= Violaine Sautter =

French planetary scientist

Violaine Sautter is a French planetary scientist. Her early work involved the geology at ultradeep levels of the Earth; more recently, her interests have turned to the geology of Mars, particularly concentrating on Martian meteorites and the Gale Crater. She is a director of research for the French National Centre for Scientific Research (CNRS), affiliated with the Institut de minéralogie, de physique des matériaux et de cosmochimie (IMPMC) at Sorbonne University.

==Education and career==
Sautter earned a Ph.D. in 1983 through the National Museum of Natural History, France (MNHN) and Pierre and Marie Curie University, and completed a Thèse d’Etat in 1989 at Pierre and Marie Curie University. Her 1989 dissertation, Le clinopyroxène alumineux : la mémoire chimique du manteau supérieur lithosphérique, was directed by Olivier Jaoul.

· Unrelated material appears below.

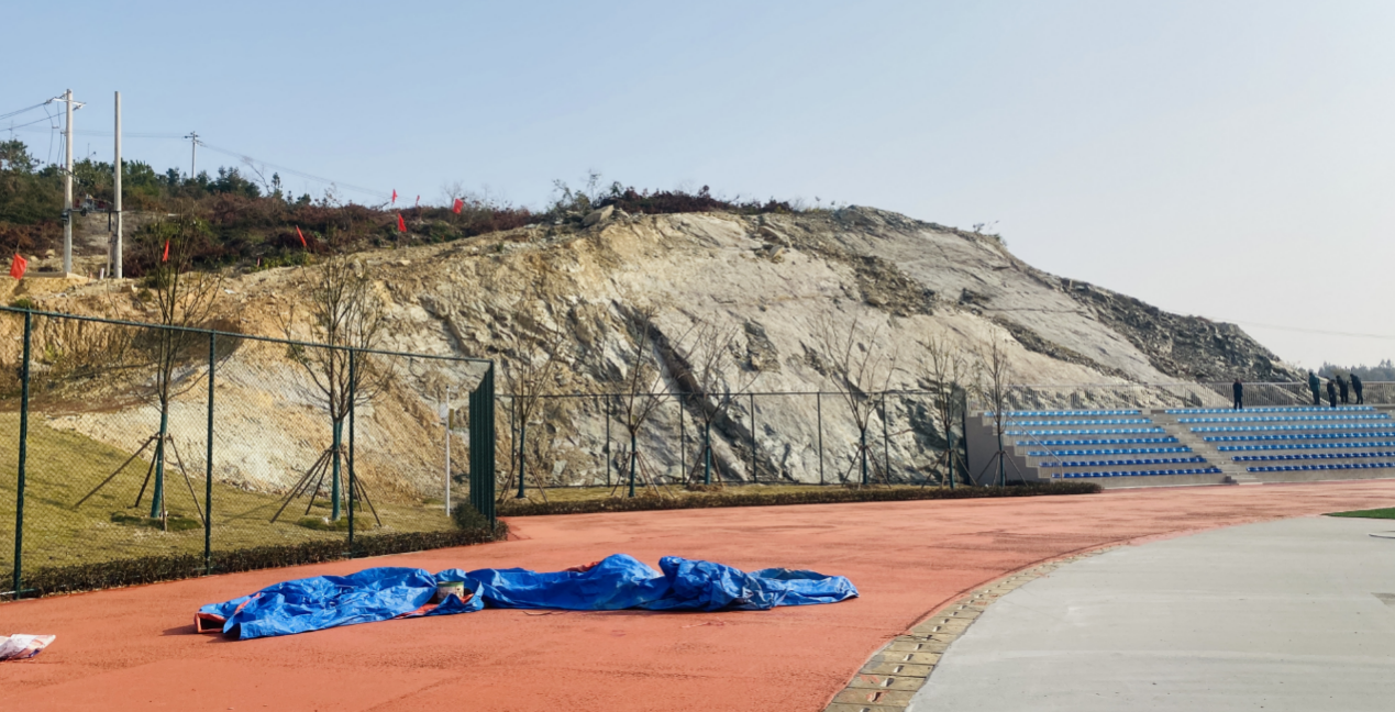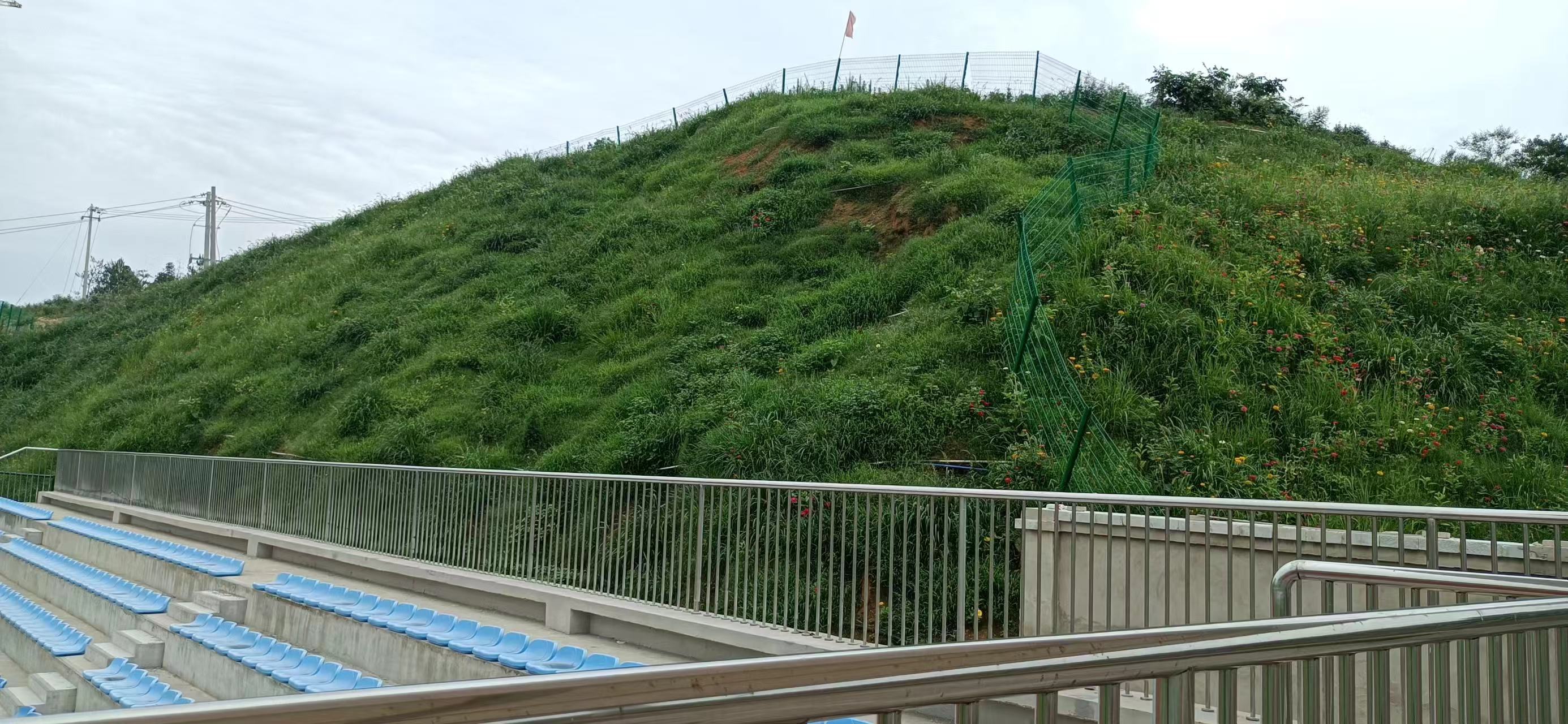 武漢商貿職業(yè)學院紅安校區(qū)足球場邊坡綠化工程項目-植被混凝土混合基材噴播↓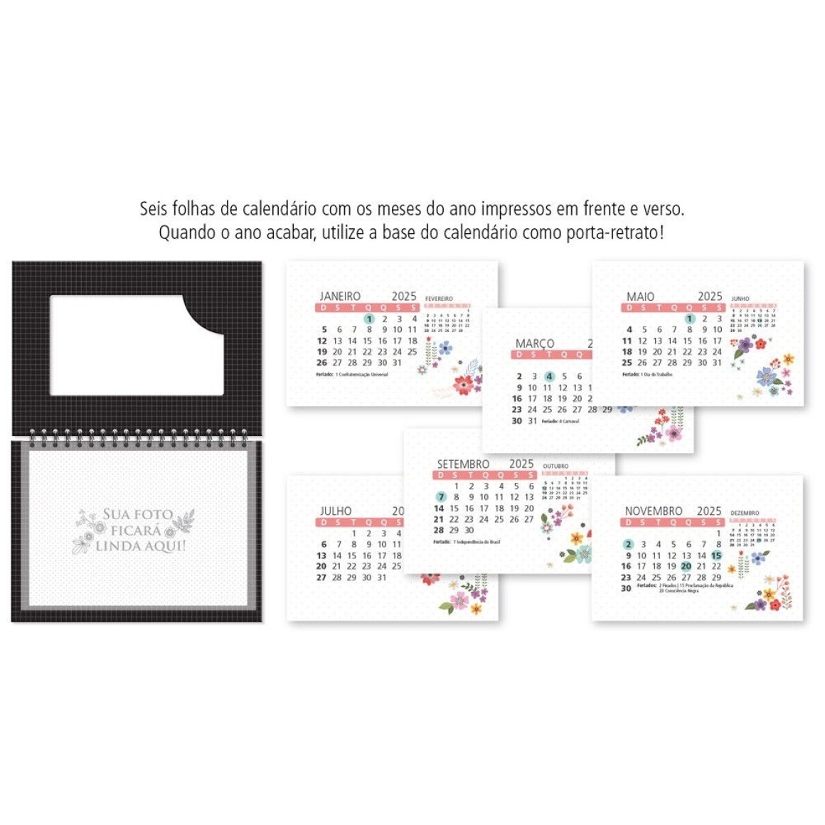Para o seu ano ficar ainda mais bonito! Calendário de mesa e porta retrato no mesmo produto! Formato 13x18,5cm, encadernação wire-o e recorte especial na frente. Depois que o ano acabar, use a base como um lindo porta retrato!

After postdoctoral research in the Grant Institute of Geology at the University of Edinburgh, she joined the CNRS as a junior scientist in 1985, and has been a director of research since 2000.

==Book==
Sautter is coauthor with Hubert Bari of Diamonds: In the Heart of the Earth, in the Heart of Stars, at the Heart of Power, the catalog of a 2001 exhibit at the National Museum of Natural History, France, published by Vilo International in 2001.

==Recognition==
Sautter received the CNRS Bronze Medal in 1991, and the CNRS Silver Medal in 2016.

She was the 2002 winner of the Raymond Furon Prize of the Société géologique de France.